In the 1870s he developed a seismic scale to reflect varying levels of earthquake intensity. Meanwhile, in Switzerland, independent of Rossi, limnologist François-Alphonse Forel (1841–1912) created a similar seismic scale. When the two scientists became aware of each other's work, a combined effort resulted in the Rossi–Forel scale for determining the intensity of earthquakes.

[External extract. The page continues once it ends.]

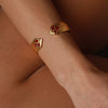 The Flame Bracelet is a bold statement piece inspired by the movement and energy of fire. Crafted with a textured gold-tone finish and accented with vivid ruby stones, it wraps the wrist with a fierce and sculptural elegance.

In 1874 he founded the Bullettino del Vulcanismo Italiano, a journal dedicated to the study of volcanoes and earthquakes.

== Publications ==
- Dell'ampiezza delle romane catacombe e d'una machina icnografica ed ortografica per rilevarne le piante ed i livelli, 1860
- Scoperte paleoetnologiche in Castel Ceriolo presso Alessandria, 1868
- Nuove scoperte nella necropoli arcaica Albana e l'aes grave fra le rocce vulcaniche laziali, 1871
- La meteorologia endogena, 1879–82
- Programma dell' Osservatorio et archivio geodinamico presso il R. Comitato geologico d'Italia con istruzioni per le osservazioni, 1883.